=== PROVIDED MATERIAL ===

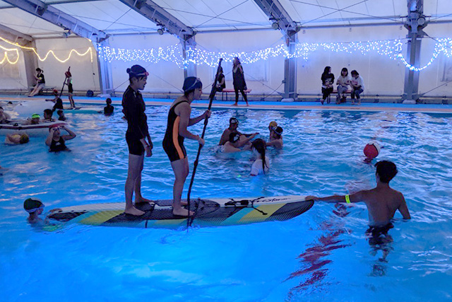 「地域の人々や子どもが楽しんで参加できるイベントを通して、地域の活性化を図りたい」というコンセプトで、水面にバルーンやLEDライトを浮かべて普段のプールとは違った非日常感を演出しました。また、SUPやゴムボート体験なども実施して、アクティビティにも触れていただきました。
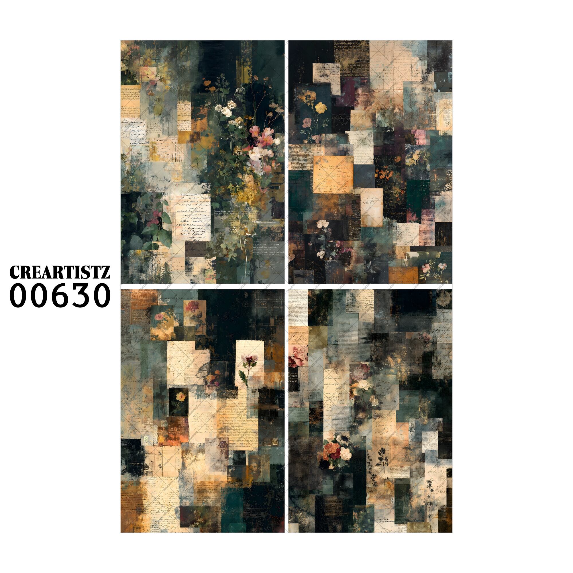 00630 背景 コラージュ素材 オリジナル 12枚セット (4種類×3枚) ペーパー/ステッカー CREARTISTZ
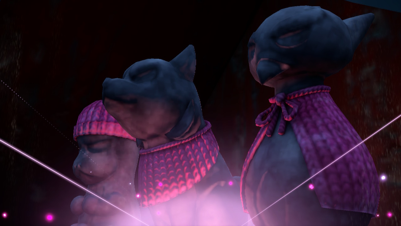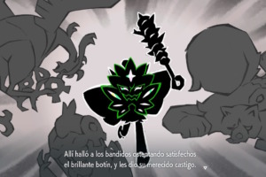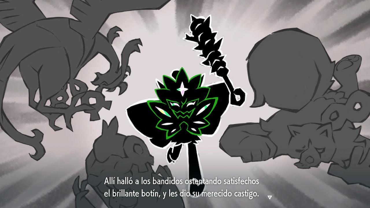 Y así fue, en efecto, como terminó por atraer a la comarca a un grupo de codiciosos Pokémon. Aquellos rufianes entraron a hurtadillas en el hogar de los viajeros… Con la intención de hurtar las máscaras que con tanto celo allí guardaban. Quiso el azar que el hombre se hallara allí en ese instante, y con valor se enfrentó a los bandidos. Logró a duras penas salvar una de las máscaras, más no evitar que se llevaran las tres restantes.
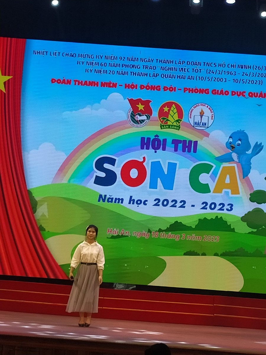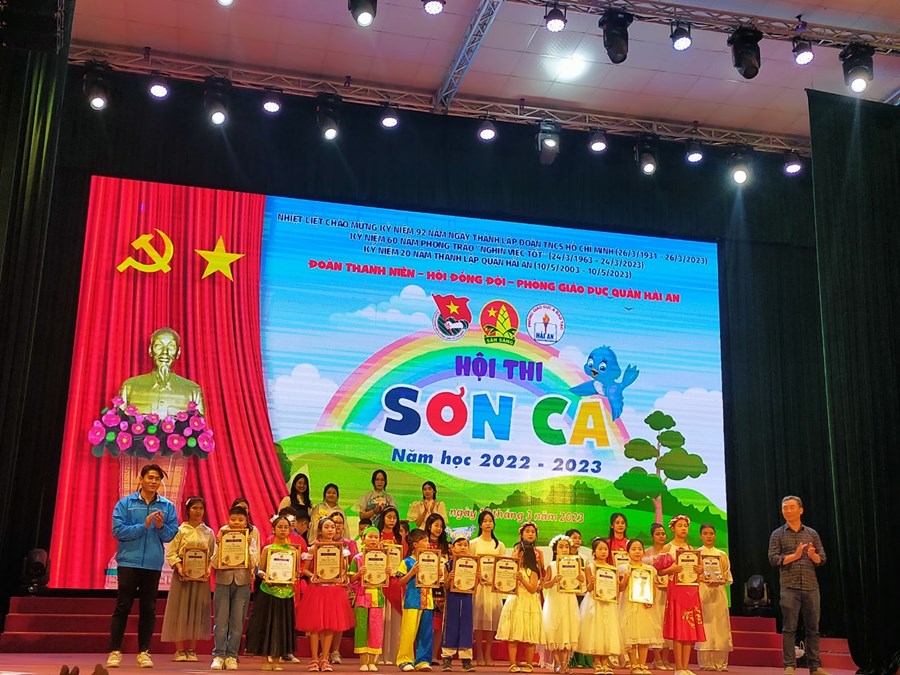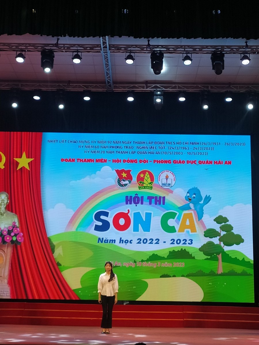 Thực hiện kế hoạch của Quận Đoàn - Phòng giáo dục và Đào tạo quận Hải An về việc tham gia hội thi Sơn ca quận Hải An năm học 2022 - 2023, Liên đội đã lập kế hoạch, tổ chức vòng sơ khảo hội thi Sơn ca cấp Liên đội để lựa chọn các thí sinh xuất sắc tham gia thi cấp Quận. Sau hội thi cấp liên đội đã lựa chọn được Ba thí sinh xuất sắc nhất để tham gia vòng chung kết hội thi sơn ca Quận Hải An năm học 2022 – 2023. Đó là các em Nguyễn Kim Ngân lớp 9A1 với tiết mục Uống trà, em Phạm Hà Hải Yến lớp 9A3 với tiết mục Hà Giang ơi.

===

Reproduce the opening lines of the material above exactly, ending with the line that contains "Y así fue, en". Omit every picture.

## TASK SOLUTION
 「地域の人々や子どもが楽しんで参加できるイベントを通して、地域の活性化を図りたい」というコンセプトで、水面にバルーンやLEDライトを浮かべて普段のプールとは違った非日常感を演出しました。また、SUPやゴムボート体験なども実施して、アクティビティにも触れていただきました。
 00630 背景 コラージュ素材 オリジナル 12枚セット (4種類×3枚) ペーパー/ステッカー CREARTISTZ
 Y así fue, en efecto, como terminó por atraer a la comarca a un grupo de codiciosos Pokémon. Aquellos rufianes entraron a hurtadillas en el hogar de los viajeros… Con la intención de hurtar las máscaras que con tanto celo allí guardaban. Quiso el azar que el hombre se hallara allí en ese instante, y con valor se enfrentó a los bandidos. Logró a duras penas salvar una de las máscaras, más no evitar que se llevaran las tres restantes.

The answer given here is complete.